EXERCISE DIRECTIONS:
The answer must be an exact copy of the lines from the one containing "창고를 사용하면서 조금이라도" through the last line of the records, with the pictures left out.

Data extracted from a collection
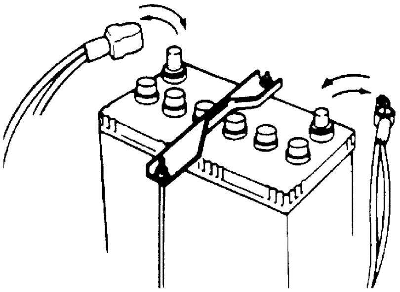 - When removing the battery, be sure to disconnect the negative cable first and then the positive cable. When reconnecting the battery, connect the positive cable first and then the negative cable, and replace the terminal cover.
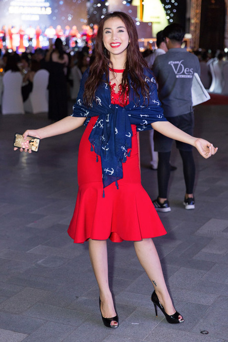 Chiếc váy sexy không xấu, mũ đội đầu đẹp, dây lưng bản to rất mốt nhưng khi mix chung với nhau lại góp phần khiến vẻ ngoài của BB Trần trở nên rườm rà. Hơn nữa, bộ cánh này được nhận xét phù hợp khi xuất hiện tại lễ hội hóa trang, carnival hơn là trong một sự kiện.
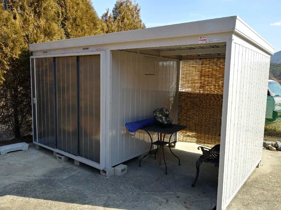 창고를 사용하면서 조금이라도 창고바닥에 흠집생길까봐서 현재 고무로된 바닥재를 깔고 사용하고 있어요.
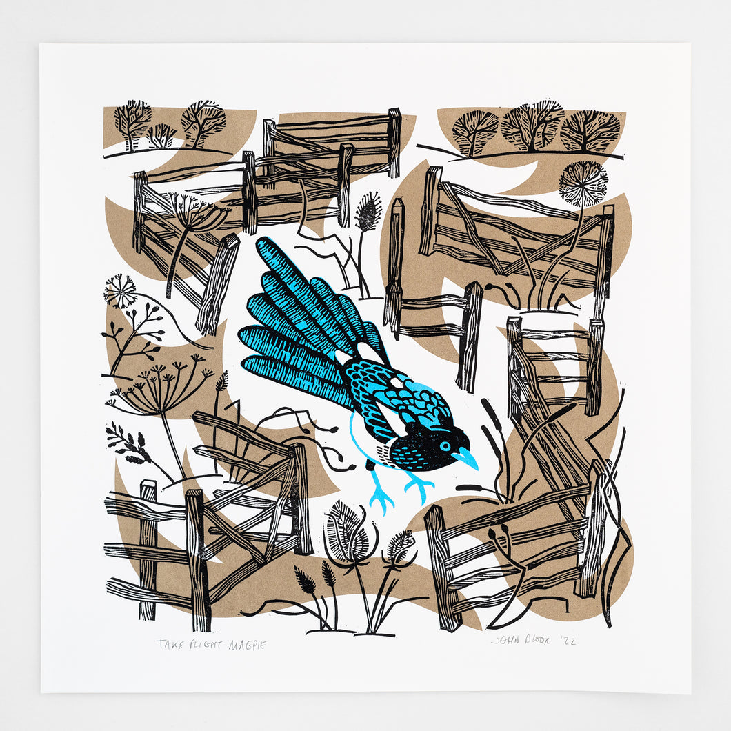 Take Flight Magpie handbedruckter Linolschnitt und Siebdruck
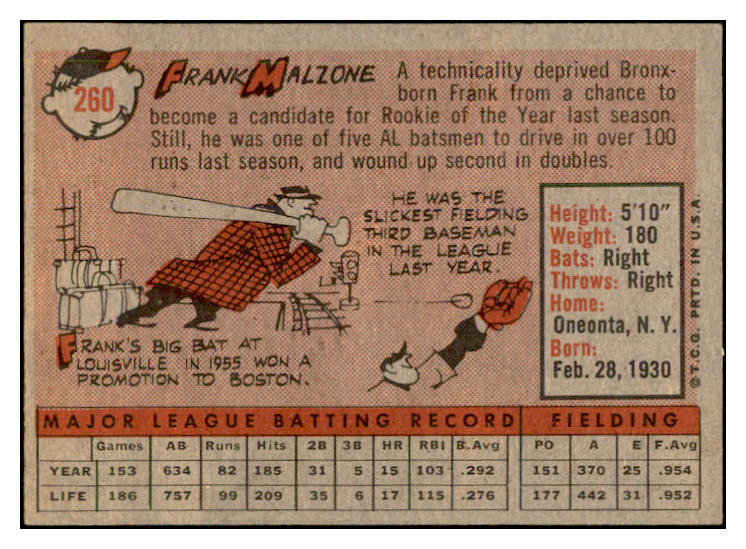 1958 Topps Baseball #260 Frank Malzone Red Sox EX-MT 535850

EXPECTED ANSWER:
 창고를 사용하면서 조금이라도 창고바닥에 흠집생길까봐서 현재 고무로된 바닥재를 깔고 사용하고 있어요.
 Take Flight Magpie handbedruckter Linolschnitt und Siebdruck
 1958 Topps Baseball #260 Frank Malzone Red Sox EX-MT 535850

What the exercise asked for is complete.